Logaritmische functies > Logaritmische schaal
123456Logaritmische schaal

Toepassen

Opgave 14Windsnelheid
Windsnelheid

De windsnelheid neemt toe met de hoogte. De windsterkte is onder meer afhankelijk van de ruwheid van het terrein en de stabiliteit van de atmosfeer. In de grafiek zijn de resultaten weergegeven van metingen op dagen met een neutrale atmosfeer.

Het verband tussen de windsnelheid `w` en de hoogte `h` kan worden geschreven in de vorm `w = a*log(h) + b` . Toon met een berekening aan dat `a=3` en `b=2` .

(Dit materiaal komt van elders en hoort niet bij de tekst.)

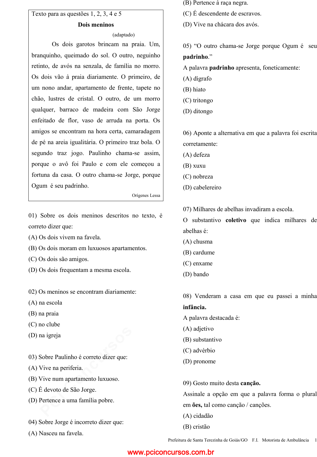 pcimarkpci MDAwMDowMDAwOjAwMDA6MDAwMDowMDAwOmZmZmY6MzZlOTpjMjU5:V2VkLCAxNSBTZXAgMjAyMSAwMTowMzozNCAtMDMwMA== Prefeitura de Santa Terezinha de Goiás/GO F.I. Motorista de Ambulância 1 Texto para as questões 1, 2, 3, 4 e 5 Dois meninos (adaptado) Os dois garotos brincam na praia. Um, branquinho, queimado do sol. O outro, neguinho retinto, de avós na senzala, de família no morro. Os dois vão à praia diariamente. O primeiro, de um nono andar, apartamento de frente, tapete no chão, lustres de cristal. O outro, de um morro qualquer, barraco de madeira com São Jorge enfeitado de flor, vaso de arruda na porta. Os amigos se encontram na hora certa, camaradagem de pé na areia igualitária. O primeiro traz bola. O segundo traz jogo. Paulinho chama-se assim, porque o avô foi Paulo e com ele começou a fortuna da casa. O outro chama-se Jorge, porque Ogum é seu padrinho. Orígenes Lessa 01) Sobre os dois meninos descritos no texto, é correto dizer que: (A) Os dois vivem na favela. (B) Os dois moram em luxuosos apartamentos. (C) Os dois são amigos. (D) Os dois frequentam a mesma escola. 02) Os meninos se encontram diariamente: (A) na escola (B) na praia (C) no clube (D) na igreja 03) Sobre Paulinho é correto dizer que: (A) Vive na periferia. (B) Vive num apartamento luxuoso. (C) É devoto de São Jorge. (D) Pertence a uma família pobre. 04) Sobre Jorge é incorreto dizer que: (A) Nasceu na favela. (B) Pertence à raça negra. (C) É descendente de escravos. (D) Vive na chácara dos avós. 05) “O outro chama-se Jorge porque Ogum é seu padrinho.” A palavra padrinho apresenta, foneticamente: (A) dígrafo (B) hiato (C) tritongo (D) ditongo 06) Aponte a alternativa em que a palavra foi escrita corretamente: (A) defeza (B) xuxu (C) nobreza (D) cabelereiro 07) Milhares de abelhas invadiram a escola. O substantivo coletivo que indica milhares de abelhas é: (A) chusma (B) cardume (C) enxame (D) bando 08) Venderam a casa em que eu passei a minha infância. A palavra destacada é: (A) adjetivo (B) substantivo (C) advérbio (D) pronome 09) Gosto muito desta canção. Assinale a opção em que a palavra forma o plural em ões, tal como canção / canções. (A) cidadão (B) cristão www.pciconcursos.com.br pcimarkpci MDAwMDowMDAwOjAwMDA6MDAwMDowMDAwOmZmZmY6MzZlOTpjMjU5:V2VkLCAxNSBTZXAgMjAyMSAwMTowMzozNCAtMDMwMA== Prefeitura de Santa Terezinha de Goiás/GO F.I. Motorista de Ambulância 2 (C) balão (D) irmão 10) “Se aqui tivesse metrô, eu chegaria rapidinho no meu trabalho.” A separação silábica de rapidinho é: (A) ra – pi – din - ho (B) rapi – di - nho (C) ra – pi – di - nho (D) rapi – din - ho 11) Considere a relação existente entre o primeiro e o segundo grupos de número, a contar da esquerda do esquema abaixo. A mesma relação deve existir entre o terceiro e o quarto, que está faltando. 1º 2º 3º 4º 1 2 3 1 5 6 7 5 9 10 11 9 ? O grupo de números que substitui corretamente o ponto de interrogação é? (A) 12 13 14 12 (B) 10 11 12 10 (C) 13 14 15 13 (D) 11 12 13 11 12) Três quintos da verba mensal de uma secretaria são reservados para o pagamento dos funcionários e um terço do que sobra para os gastos de emergência. A secretaria fica então com R$ 21.600,00 para os demais gastos. A verba mensal desta secretaria é: (A) R$ 80.000,00 (B) R$ 80.500,00 (C) R$ 81.000,00 (D) R$ 81.500,00 13) Um colecionador de disco vinil possui entre 130 e 230 discos. Contanto sempre de 3 em 3, 4 em 4, 5 em 5 sempre sobram 2 discos. Quantos são os discos? (A) 176 (B) 178 (C) 180 (D) 182 14) Em um fila para entrada no estádio, João gritou que estava no meio da fila e que era o quinquagésimo oitavo da fila. Quantas pessoas estavam na fila? (A) 114 (B) 115 (C) 116 (D) 117 15) Anos bissextos são aqueles diviseis por 4. O ano 2016, por exemplo, é um ano bissexto. Quantos anos entre 1989 e 2016 são bissextos? (A) 5 (B) 6 (C) 8 (D) 9 16) Um motorista iniciou uma viagem às 6h 13min e chegou ao seu destino às 21h 26 min. Essa viagem durou: (A) 14h 13min (B) 14h 29min (C) 15h 13 min (D) 15h 29min 17) Um pedreiro, assenta 5 tijolos em 40 segundos para construção de um muro. Em um dia de trabalho, começou a assentar tijolos às 8h 35min e parou às 11h 51min. Se ele manteve o mesmo ritmo para assentar os tijolos, o número de tijolos por esse pedreiro, nesse intervalo de tempo, foi de : (A) 1.395 (B) 1.398 (C) 1.402 (D) 1.406 www.pciconcursos.com.br pcimarkpci MDAwMDowMDAwOjAwMDA6MDAwMDowMDAwOmZmZmY6MzZlOTpjMjU5:V2VkLCAxNSBTZXAgMjAyMSAwMTowMzozNCAtMDMwMA== Prefeitura de Santa Terezinha de Goiás/GO F.I. Motorista de Ambulância 3 18) Uma professora corrige as redações em 4 horas. Outra professora faz o mesmo serviço em 3 horas. Se elas trabalharem juntas, em quanto tempo, aproximadamente, as redações estarão corrigidas? (A) 1h 40 min (B) 1h 43 min (C) 1h 46 min (D) 1h 49 min 19) Qual idade atual da professora: (A) 80 (B) 82 (C) 84 (D) 86 20) Com que idade a professora se casou: (A) 28 (B) 30 (C) 32 (D) 35 Em relação às informações do texto, responda as questões 19 e 20. Uma professora, não conta sua idade pra ninguém, mas dá as seguintes dicas: 1/12 de sua vida ocorreu antes dela começar a estudar; estudou durante 1/4 da sua vida; depois, ela trabalhou durante 1/12 de sua vida e, então se casou; passado mais 1/3 de sua vida, ela ficou viúva e foi viúva por 21 anos. www.pciconcursos.com.br pcimarkpci MDAwMDowMDAwOjAwMDA6MDAwMDowMDAwOmZmZmY6MzZlOTpjMjU5:V2VkLCAxNSBTZXAgMjAyMSAwMTowMzozMSAtMDMwMA== CÂMARA MUNICIPAL DE SANTA TEREZINHA DE GOIÁS GABARITO PRELIMINAR ENSINO FUNDAMENTAL INCOMPLETO AUXILIAR DE SERVIÇOS GERAIS 01 02 03 04 05 06 07 08 09 10 C B B D A C C B C C 11 12 13 14 15 16 17 18 19 20 C C D B B C A B C D GUARDA NOTURNO 01 02 03 04 05 06 07 08 09 10 C B B D A C C B C C 11 12 13 14 15 16 17 18 19 20 C C D B B C A B C D MERENDEIRA 01 02 03 04 05 06 07 08 09 10 C B B D A C C B C C 11 12 13 14 15 16 17 18 19 20 C C D B B C A B C D MOTORISTA DE AMBULÂN

Opgave 15Pasfrequentie afhankelijk van lichaamsmassa
Pasfrequentie afhankelijk van lichaamsmassa

Bekijk de grafiek. Je ziet voorbeelden van zoogdieren die bij een bepaalde pasfrequentie (het aantal passen per minuut) overgaan van draf naar galop. De pasfrequentie waarbij dat gebeurt, hangt af van de lichaamsmassa (kg). Noem de lichaamsmassa `m` (kg) en de pasfrequentie `P` . De rechte lijn gaat door de punten die horen bij een kleine hond en bij paarden.

a

Omdat op beide assen een logaritmische schaal is gebruikt, is in feite `log(P)` uitgezet tegen `log(m)` . Voor het punt dat hoort bij paarden geldt dan ongeveer `log(m)=2,9` en `log(P)=2,0` . Bepaal zelf de bijpassende waarden van het punt dat bij een kleine hond hoort.

b

Leid nu een formule af voor `log(P)` als functie van `log(m)` .

c

Met behulp van de eigenschappen van logaritmen kun je nu een formule afleiden voor `P` als functie van `m` . Laat zien hoe dat gaat.